Москва, г.р. 1952 (Колчинский) - страница 89

Впрочем, особой осторожности Александр Аркадьевич не проявлял никогда. Первый раз я с удивлением понял это осенью 1966 года.

Это произошло на банкете по поводу отцовской защиты, устроенном в отдельном зале ресторана Центрального дома литераторов. Понятно, что на таком банкете присутствовали не только близкие друзья родителей. Там были и люди, в общем-то, малознакомые: папины коллеги, оппоненты, члены Ученого совета – примерно человек сорок.

И вот после всех положенных тостов в папин адрес началась «художественная часть» – вышел Галич и спел в числе прочих вещей «Памяти Пастернака».

Мне было четырнадцать лет, и я не знал, конечно, всех деталей травли Пастернака и не сразу сообразил, что основные события происходили как раз в том самом здании, где мы в этот момент находились. Тем не менее я легко узнал ритмическую схему «Зимней ночи» и сразу же запомнил почти всю песню: «…Мы не забудем этот смех / И эту скуку! / Мы поименно вспомним всех, / Кто поднял руку!» Я видел, что Галича в тот вечер записывали – висел микрофон, и кто-то вокруг этого микрофона суетился, но Александра Аркадьевича это, казалось, абсолютно не заботило.

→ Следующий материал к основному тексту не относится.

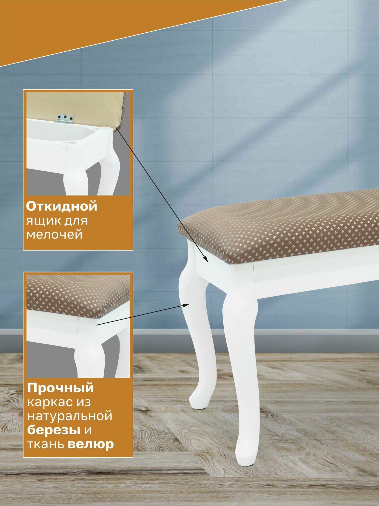 Банкетка Мебелик в прихожую Вивальди с ящиком для хранения цвет белый, ткань коронка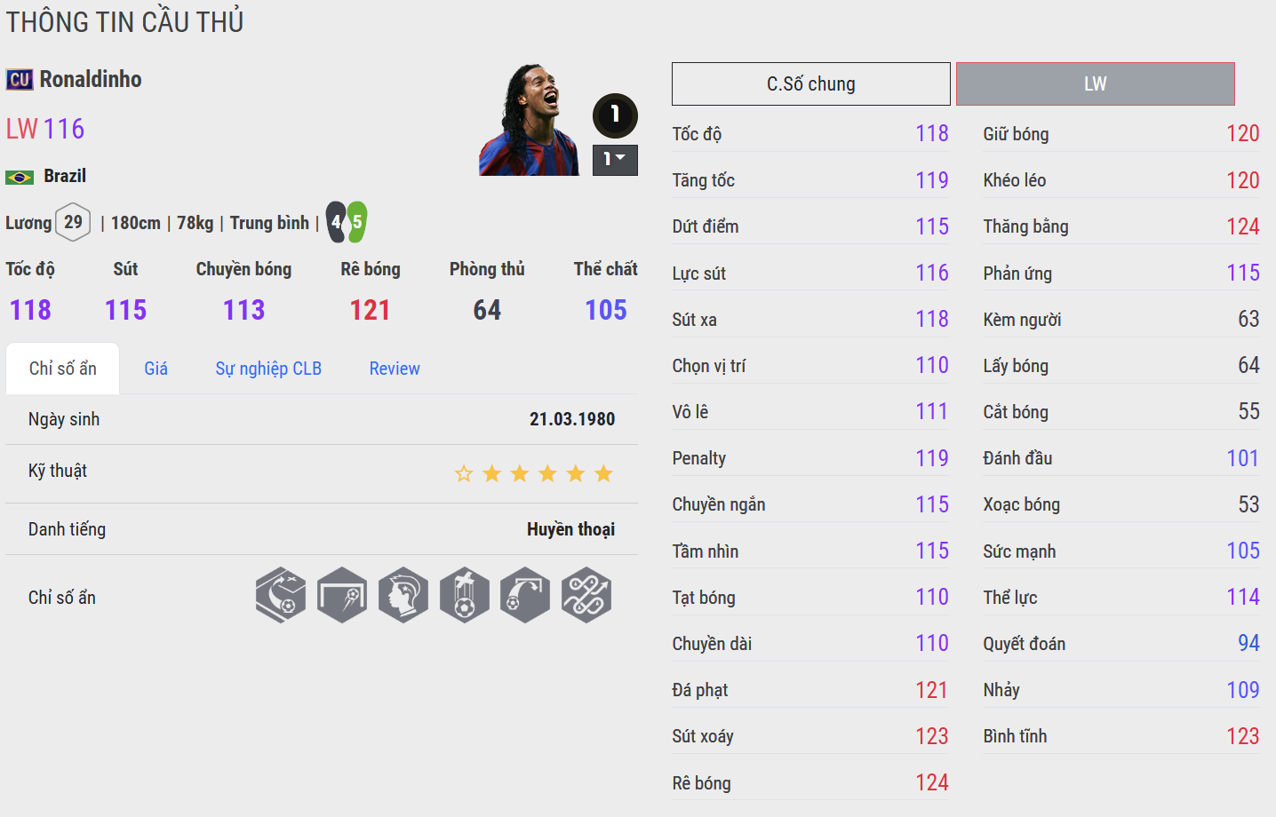 Ronaldinho CU mang đến phong cách chơi bóng đầy ngẫu hứng với kỹ thuật cá nhân cực kỳ điêu luyện. Những pha rê bóng mềm mại, xử lý tinh tế và khả năng tạo đột biến giúp anh trở thành mũi tấn công rất khó đoán. Trong thực chiến, Ronaldinho đặc biệt phù hợp với lối đá thiên về kỹ thuật và kiểm soát bóng.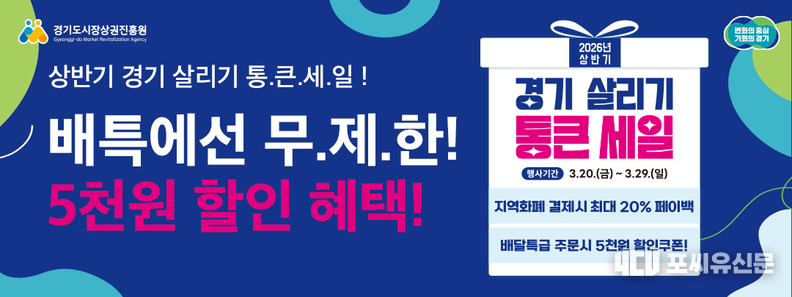[포씨유신문=박윤희 기자] 경기도주식회사는 오는 29일까지 ‘2026 상반기 경기살리기 통큰 세일’을 통해 소비자 할인을 시행한다고 22일 밝혔다.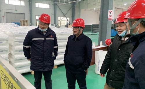 在新材料公司,王大真来到袋库包装线、TMP主装置等现场察看,了解公司生产经营相关情况。他强调,要积极发挥产业委员会作用,组织精细化工相关技术人才现场蹲点,认真开展工艺、质量攻关。要解放思想,加强学习交流,善于借用外脑,多走出去学习同行业先进技术。销售人员要多深入现场,熟悉掌握产品性能。要以诚信为本,用过硬的产品质量,捍卫自身品牌,维护客户利益。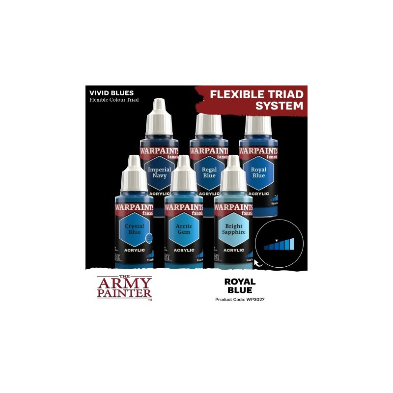 Warpaints Fanatic: Royal Blue is an intense blue, versatile as a base coat or highlight colour for vivid blues. It is one of two intermediate shades in the ‘Vivid Blues’ Flexible Colour triad, and its practical name is ‘Bleu Intense’.

На том же банкете Галич подарил моим родителям машинописную книгу своих стихов с нежной дарственной надписью. Это был второй или третий машинописный экземпляр, содержавший практически все написанные к тому времени песни. Книга была переплетена в коричневый дерматин с золотыми буквами «А. Галич» на обложке. Когда должна была выйти первая в Советском Союзе публикация песен Галича, которую готовила моя жена, работавшая тогда в журнале «Октябрь», то тексты она сверяла по этой книге как по самому надежному источнику. Подобной авторской копии не было, как выяснилось, ни у брата, ни у дочери Александра Аркадьевича.

В гости к Галичам родители ходили, как правило, без меня, а я иногда сам забегал к ним по какому-нибудь делу.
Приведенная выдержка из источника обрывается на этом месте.